Recent incidents at two PAK’nSAVE stores highlight the risks to individuals’ privacy when agencies fail to implement adequate security safeguards over third-party providers managing surveillance information. These breaches underscore the potential for serious harm when agencies do not exercise oversight of third-party providers.
What happened?
C Park Traders Limited (formerly trading as PAK’nSAVE Clendon) and Hutchinson Bros Limited (trading as PAK’nSAVE Royal Oak) “the stores” – both in Auckland, reported two separate privacy breaches to the Office of the Privacy Commissioner (OPC) in early 2025. Both incidents involved the unauthorised disclosure of CCTV footage of two customers, accompanied by allegations of theft or criminal activity.
Our review of the two breach notifications found both stores did not meet expectations set out in the Privacy Act 2020 relating to information storage and security.
In both cases, third-party security guards acting on behalf of the stores disclosed images of customers alleged to have shoplifted without authorisation. The images were taken or shared using personal mobile phones and later published on multiple social media sites. Both affected individuals experienced significant harassment and reputational harm as a result.
Privacy Breach by Hutchinson Bros Limited (trading as PAK’nSAVE Royal Oak)

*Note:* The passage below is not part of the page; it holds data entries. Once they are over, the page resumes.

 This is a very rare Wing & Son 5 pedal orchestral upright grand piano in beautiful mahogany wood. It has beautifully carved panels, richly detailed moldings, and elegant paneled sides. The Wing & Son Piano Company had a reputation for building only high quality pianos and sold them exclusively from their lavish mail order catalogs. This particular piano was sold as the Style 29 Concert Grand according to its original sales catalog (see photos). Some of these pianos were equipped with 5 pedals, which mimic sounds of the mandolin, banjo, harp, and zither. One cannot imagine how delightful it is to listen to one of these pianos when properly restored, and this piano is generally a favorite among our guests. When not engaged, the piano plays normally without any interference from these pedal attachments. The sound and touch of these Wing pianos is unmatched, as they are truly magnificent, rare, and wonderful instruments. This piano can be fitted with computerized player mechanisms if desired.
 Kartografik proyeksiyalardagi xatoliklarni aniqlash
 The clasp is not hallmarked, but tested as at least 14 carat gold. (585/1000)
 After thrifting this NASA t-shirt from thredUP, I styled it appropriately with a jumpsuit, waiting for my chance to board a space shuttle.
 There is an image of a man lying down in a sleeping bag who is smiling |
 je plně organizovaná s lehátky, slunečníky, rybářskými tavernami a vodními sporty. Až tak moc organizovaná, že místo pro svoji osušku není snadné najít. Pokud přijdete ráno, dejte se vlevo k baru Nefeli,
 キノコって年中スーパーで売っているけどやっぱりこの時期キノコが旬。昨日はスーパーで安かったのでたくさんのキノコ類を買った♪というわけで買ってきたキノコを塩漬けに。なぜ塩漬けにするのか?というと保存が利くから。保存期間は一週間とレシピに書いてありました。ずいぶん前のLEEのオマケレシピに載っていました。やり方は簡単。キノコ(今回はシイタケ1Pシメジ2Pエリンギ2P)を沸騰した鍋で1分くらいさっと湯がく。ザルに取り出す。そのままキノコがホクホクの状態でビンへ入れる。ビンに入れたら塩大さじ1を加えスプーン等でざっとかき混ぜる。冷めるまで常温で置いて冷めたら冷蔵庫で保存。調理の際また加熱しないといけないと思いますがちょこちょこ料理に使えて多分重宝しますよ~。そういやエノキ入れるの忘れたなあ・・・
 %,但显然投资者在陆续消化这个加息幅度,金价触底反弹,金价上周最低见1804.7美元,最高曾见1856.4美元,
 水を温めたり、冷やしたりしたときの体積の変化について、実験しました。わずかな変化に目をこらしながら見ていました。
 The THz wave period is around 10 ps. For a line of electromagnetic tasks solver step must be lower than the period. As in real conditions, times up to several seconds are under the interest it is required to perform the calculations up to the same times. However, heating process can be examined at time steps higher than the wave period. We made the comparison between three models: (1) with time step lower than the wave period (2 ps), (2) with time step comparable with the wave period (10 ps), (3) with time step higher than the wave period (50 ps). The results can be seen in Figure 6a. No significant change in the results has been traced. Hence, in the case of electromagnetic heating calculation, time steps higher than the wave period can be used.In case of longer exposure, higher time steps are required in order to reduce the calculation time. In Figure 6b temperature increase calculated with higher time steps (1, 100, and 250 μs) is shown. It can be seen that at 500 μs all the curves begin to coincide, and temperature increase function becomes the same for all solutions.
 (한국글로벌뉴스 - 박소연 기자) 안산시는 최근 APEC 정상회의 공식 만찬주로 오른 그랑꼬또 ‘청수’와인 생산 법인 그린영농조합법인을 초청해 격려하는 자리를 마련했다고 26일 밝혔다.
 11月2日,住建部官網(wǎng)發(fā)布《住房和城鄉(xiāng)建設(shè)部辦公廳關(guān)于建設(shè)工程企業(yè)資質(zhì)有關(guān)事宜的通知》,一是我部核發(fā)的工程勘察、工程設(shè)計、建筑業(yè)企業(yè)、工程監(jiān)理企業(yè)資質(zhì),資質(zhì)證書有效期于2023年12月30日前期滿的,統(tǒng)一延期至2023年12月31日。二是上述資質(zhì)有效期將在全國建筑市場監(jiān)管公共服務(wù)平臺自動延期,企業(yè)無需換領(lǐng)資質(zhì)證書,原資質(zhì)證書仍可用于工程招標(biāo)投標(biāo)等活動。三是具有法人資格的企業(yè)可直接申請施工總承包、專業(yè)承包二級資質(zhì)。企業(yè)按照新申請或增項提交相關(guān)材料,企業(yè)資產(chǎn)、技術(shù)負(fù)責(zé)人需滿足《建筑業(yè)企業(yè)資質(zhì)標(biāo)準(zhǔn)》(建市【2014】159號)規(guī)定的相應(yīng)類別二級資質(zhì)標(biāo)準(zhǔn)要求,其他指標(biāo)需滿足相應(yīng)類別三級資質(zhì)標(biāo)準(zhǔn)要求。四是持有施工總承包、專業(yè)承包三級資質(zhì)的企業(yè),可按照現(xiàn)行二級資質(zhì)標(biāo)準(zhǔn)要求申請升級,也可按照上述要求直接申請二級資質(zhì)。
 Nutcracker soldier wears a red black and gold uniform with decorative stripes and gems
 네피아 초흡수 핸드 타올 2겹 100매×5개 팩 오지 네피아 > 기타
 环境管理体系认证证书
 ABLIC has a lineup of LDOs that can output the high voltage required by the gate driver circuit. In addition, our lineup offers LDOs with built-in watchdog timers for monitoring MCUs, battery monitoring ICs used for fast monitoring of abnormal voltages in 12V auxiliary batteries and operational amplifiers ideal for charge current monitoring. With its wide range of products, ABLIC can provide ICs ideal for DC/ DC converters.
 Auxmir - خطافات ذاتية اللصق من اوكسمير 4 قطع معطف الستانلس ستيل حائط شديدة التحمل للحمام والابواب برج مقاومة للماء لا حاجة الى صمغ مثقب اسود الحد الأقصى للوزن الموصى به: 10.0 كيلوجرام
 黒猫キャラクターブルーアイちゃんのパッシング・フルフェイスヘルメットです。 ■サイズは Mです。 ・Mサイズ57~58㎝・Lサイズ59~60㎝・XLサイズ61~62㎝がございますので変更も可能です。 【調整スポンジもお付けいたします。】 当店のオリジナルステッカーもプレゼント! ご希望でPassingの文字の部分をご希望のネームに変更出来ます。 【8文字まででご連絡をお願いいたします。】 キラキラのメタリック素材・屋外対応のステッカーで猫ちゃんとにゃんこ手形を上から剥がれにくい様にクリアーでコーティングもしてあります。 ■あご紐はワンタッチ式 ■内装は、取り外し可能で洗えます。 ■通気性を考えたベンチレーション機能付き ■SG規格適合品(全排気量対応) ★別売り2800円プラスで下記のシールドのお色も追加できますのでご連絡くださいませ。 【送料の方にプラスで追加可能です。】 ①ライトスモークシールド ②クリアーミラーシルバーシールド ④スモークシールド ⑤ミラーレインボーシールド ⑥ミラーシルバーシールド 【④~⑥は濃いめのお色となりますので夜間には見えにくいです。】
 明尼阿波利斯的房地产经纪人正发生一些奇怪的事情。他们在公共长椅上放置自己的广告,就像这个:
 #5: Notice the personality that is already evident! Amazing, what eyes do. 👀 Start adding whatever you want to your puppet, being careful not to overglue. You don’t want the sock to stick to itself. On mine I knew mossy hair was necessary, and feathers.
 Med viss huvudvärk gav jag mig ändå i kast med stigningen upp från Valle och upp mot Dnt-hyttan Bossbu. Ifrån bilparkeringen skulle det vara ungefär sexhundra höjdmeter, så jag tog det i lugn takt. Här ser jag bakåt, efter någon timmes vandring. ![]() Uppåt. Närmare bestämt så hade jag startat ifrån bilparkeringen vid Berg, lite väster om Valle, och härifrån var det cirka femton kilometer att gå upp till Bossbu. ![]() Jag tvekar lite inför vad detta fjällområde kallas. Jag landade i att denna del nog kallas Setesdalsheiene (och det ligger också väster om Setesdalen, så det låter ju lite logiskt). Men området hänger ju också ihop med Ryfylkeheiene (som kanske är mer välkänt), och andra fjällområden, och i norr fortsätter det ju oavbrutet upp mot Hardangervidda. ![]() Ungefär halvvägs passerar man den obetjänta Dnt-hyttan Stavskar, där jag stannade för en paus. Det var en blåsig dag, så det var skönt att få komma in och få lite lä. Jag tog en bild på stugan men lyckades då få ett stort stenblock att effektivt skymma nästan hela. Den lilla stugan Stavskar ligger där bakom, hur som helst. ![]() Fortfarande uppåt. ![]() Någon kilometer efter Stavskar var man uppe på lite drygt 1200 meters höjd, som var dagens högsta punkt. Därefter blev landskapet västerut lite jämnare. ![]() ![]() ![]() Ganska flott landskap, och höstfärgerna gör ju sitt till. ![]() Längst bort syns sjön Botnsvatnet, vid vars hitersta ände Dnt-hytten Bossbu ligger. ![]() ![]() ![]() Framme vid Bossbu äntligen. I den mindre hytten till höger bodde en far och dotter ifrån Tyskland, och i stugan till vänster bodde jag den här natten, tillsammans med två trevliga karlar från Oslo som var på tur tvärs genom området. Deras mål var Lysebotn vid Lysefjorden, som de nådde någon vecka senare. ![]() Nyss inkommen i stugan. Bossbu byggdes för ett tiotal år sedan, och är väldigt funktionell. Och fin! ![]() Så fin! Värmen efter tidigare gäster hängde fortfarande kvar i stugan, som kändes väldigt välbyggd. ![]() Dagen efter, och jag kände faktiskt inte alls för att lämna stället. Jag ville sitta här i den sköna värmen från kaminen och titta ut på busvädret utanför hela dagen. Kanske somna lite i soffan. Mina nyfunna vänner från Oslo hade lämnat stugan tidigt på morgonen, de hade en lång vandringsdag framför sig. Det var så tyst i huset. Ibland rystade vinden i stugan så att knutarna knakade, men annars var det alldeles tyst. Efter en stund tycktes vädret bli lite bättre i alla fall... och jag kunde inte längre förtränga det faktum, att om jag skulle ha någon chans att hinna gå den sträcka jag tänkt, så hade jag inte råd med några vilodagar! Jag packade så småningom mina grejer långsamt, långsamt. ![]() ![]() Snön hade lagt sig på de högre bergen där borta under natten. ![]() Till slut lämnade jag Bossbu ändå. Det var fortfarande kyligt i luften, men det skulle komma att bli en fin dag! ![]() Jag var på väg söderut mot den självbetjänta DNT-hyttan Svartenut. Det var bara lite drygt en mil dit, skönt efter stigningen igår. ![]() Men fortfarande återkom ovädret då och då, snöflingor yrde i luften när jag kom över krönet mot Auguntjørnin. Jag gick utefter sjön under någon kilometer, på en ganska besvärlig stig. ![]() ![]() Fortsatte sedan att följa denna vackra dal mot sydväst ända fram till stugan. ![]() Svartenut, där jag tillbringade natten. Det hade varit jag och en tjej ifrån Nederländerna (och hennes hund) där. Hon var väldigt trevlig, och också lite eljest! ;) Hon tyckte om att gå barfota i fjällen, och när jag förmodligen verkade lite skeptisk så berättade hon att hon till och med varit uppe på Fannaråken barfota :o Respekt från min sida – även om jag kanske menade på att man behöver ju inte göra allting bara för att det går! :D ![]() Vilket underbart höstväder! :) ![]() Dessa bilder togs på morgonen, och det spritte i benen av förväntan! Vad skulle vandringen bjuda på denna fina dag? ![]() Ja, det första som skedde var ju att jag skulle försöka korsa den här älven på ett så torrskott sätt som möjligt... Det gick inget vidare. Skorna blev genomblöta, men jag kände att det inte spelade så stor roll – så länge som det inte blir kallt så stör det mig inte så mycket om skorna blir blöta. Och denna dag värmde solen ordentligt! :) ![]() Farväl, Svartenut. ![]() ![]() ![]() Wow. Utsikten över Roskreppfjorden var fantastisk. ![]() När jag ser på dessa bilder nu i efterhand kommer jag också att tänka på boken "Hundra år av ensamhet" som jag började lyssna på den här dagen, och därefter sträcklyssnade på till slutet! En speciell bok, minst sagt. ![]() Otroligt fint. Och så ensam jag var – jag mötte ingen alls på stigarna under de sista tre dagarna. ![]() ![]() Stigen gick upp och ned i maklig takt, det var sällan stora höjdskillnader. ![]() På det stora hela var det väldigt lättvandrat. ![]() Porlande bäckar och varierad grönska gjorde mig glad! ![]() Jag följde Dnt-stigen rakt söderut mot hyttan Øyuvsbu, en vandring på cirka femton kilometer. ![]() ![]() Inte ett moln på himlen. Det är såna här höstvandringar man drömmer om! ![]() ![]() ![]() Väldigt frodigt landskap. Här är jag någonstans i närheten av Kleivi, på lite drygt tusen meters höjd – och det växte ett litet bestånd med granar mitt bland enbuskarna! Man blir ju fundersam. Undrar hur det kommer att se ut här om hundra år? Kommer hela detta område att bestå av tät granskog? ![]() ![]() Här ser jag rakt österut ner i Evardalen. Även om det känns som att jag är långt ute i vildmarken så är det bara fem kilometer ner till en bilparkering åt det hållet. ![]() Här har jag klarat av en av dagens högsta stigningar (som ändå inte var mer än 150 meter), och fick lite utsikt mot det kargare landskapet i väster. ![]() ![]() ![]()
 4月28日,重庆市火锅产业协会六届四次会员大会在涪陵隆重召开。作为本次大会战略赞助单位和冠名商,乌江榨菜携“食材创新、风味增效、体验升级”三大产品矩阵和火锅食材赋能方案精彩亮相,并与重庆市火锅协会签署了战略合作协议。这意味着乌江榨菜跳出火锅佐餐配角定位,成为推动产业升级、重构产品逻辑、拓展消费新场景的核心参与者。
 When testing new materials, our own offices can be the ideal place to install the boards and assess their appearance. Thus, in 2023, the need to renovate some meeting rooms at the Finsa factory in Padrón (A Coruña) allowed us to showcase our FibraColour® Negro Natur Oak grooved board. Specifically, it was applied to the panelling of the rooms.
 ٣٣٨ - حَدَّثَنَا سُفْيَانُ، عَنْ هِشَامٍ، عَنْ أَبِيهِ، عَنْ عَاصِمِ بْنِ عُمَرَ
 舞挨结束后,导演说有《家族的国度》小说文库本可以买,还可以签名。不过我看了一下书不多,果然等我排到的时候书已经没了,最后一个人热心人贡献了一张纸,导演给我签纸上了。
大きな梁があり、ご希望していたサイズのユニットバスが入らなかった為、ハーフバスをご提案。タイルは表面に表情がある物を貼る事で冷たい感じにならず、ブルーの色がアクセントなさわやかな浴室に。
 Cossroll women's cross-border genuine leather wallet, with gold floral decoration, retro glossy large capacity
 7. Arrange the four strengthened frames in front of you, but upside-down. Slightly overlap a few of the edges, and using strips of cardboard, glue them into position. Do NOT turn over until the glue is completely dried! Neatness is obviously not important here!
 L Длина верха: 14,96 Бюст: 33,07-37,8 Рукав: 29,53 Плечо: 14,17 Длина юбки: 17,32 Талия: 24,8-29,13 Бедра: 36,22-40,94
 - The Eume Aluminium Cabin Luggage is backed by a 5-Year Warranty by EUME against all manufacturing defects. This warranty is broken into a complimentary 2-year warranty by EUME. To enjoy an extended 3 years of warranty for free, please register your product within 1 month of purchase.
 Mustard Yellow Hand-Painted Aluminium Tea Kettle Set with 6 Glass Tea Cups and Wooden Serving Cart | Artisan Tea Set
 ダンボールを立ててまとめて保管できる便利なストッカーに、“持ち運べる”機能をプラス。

In October 2024 a security guard engaged by the store took a photograph of the affected individual for surveillance purposes. The image was captured on a personal mobile device due to the poor quality of the available CCTV footage and followed store protocol at the time.
In early 2025 the photo was published online, and, after internal investigations, the store concluded in February 2025 that the source of the published image was the third-party security guard. The publication accused the affected individual of shoplifting.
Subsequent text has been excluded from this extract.